На минуту у Рембрандта стало теплее на душе — ему предстало прежнее видение: блистающий безукоризненной чистотой великолепный дом, каким он никогда не был и каким художник всегда хотел его видеть. Но эта мысль лишь ненадолго утешила его. Не успел Рембрандт повернуться и выйти в другую комнату, чтобы поиграть там с малышом, как он уже понял: что бы ни было — пусть даже вся медь в доме будет вычищена, вся пыль сметена, все свечи зажжены, его увядшее сердце больше не расцветет. «Что мне делать с домом? Как я буду жить в нем?» — думал он, радуясь тому, что мальчик, оставив игрушки, немедленно вскарабкался к нему на колени.

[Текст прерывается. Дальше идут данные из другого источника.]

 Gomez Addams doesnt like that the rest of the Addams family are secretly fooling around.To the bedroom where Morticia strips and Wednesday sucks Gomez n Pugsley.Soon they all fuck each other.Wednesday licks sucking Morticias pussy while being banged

— Папа устал, — пролепетал Титус, и, выдохшийся, словно человек, который долго плыл в ледяной воде, художник прижался щекой к теплой круглой головке, вдыхая аромат шелковистых кудрей.
* * *Настала весна, свет уличных фонарей и огни в окнах стали не такими резкими, из Рансдорпа приехала Хендрикье Стоффельс, и теперь, когда всюду был наведен порядок, такой порядок, какого здесь не было даже при жизни хозяйки, Рембрандт сам удивлялся, почему какое-то смутное беспокойство гонит его из дому. Пять раз в неделю, съев хорошо приготовленный ужин, он покидал свое жилище, где очаги были вычищены, свечи зажжены, стекла вымыты до блеска, и подолгу гулял, вдыхая ароматы апреля: пар, плывущий над влажной от дождя мостовой, благоухание цветущих яблонь в дальнем саду, странно целительный запах спокойного моря. После этих долгих прогулок он заходил к супругам Ладзара или Пинеро, к своему соседу ученому раввину Манассии бен Израилю, в салон Анны Веймар Сикс или в маленькую гостиную Тюльпа — безразлично куда, лишь бы не попасть домой до одиннадцати, когда все, за исключением верной Гертье, уже улягутся в постель.

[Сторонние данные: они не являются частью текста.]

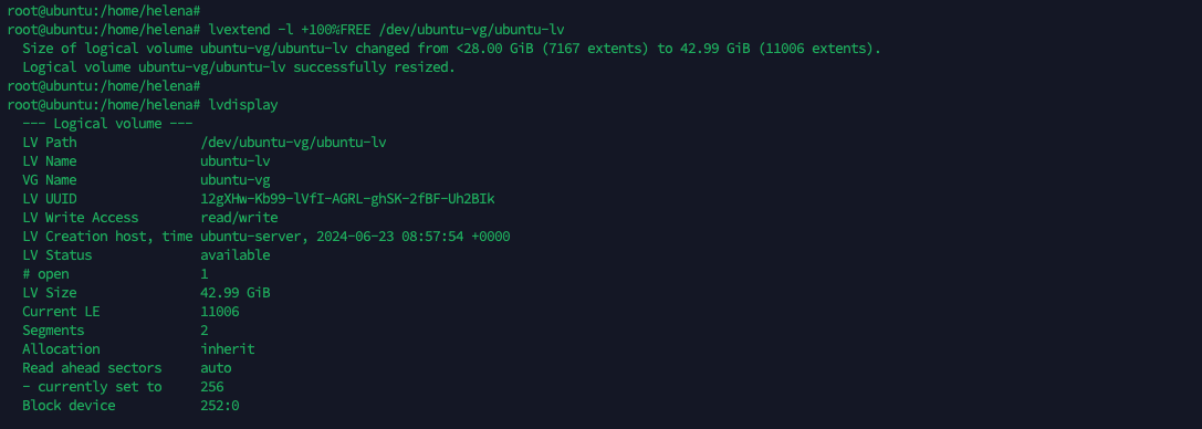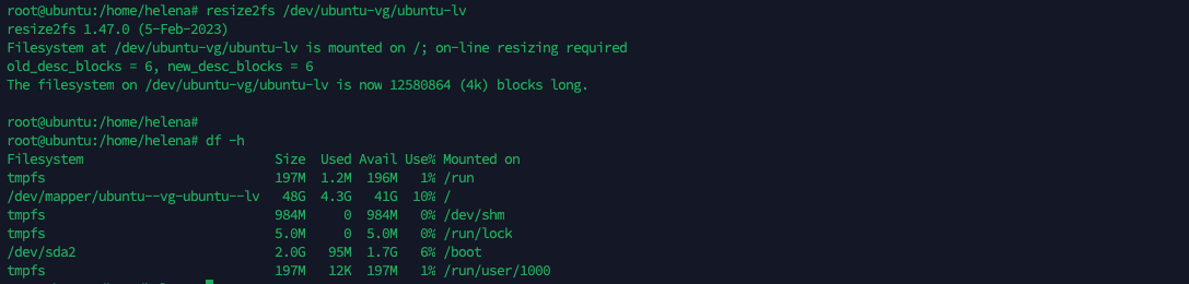 Lastly, we need to adjust the filesystem size to match the size of the underlying block device, to do that run “resize2fs /dev/ubuntu-vg/ubuntu-lv”

Хендрикье Стоффельс жила у художника полтора месяца, а он всего несколько раз взглянул на нее, да и то лишь для того, чтобы с лукавой улыбкой сравнить ее с тем портретом девушки, который он мысленно набросал в день, когда Клартье отрекомендовала ему свою землячку. Хендрикье оказалась брюнеткой с роскошными густыми волосами, которые отливали медью, когда она сидела у свечи. Роста она была небольшого: чтобы дотянуться до каминной доски или картины, ей приходилось вставать на стул, и даже ни разу не подойдя к ней близко, Рембрандт знал, что голова ее еле доходит ему до носа. Теперь он понимал, почему Клартье, еще плоскогрудая девочка, так часто прохаживается с Гертье насчет фигуры Хендрикье: новая служанка была девушкой полной и очень женственной — высокая грудь, узкая талия, округлые бедра. Верно, — думал Рембрандт, — она была как раз такой служанкой, которой он гордился бы, видя, как она открывает двери его заказчикам, если бы у него еще оставались заказчики. Глаза у нее были большие, темные и тихие, ее серое домашнее платье и большой накрахмаленный фартук отличались опрятностью и своей строгостью еще больше подчеркивали чистоту ее смуглого лица. Гертье ошибалась, утверждая, что Хендрикье справляется с делом не так быстро, как следовало бы: движения новой служанки были не столько медленными, сколько ровными и неторопливыми, как у грациозной и гибкой молодой кошки. Художник догадывался, что она достаточно умна, чтобы не выглядеть слишком умной в глазах своей предшественницы, которая может стать ей врагом. Он скорее угадывал, чем слышал, как она, наверно, смеялась в кухне, когда Гертье заявила, что мыть голову перед сном — лучший способ завести вшей. И хотя Титус явно льнул к новой служанке и старался завоевать ее расположение своим обычным способом — улыбкой или брошенным украдкой взглядом, Хендрикье не таяла от этих уловок малыша, относилась к нему нарочито холодно и чаще сажала его на колени к Гертье, чем к себе.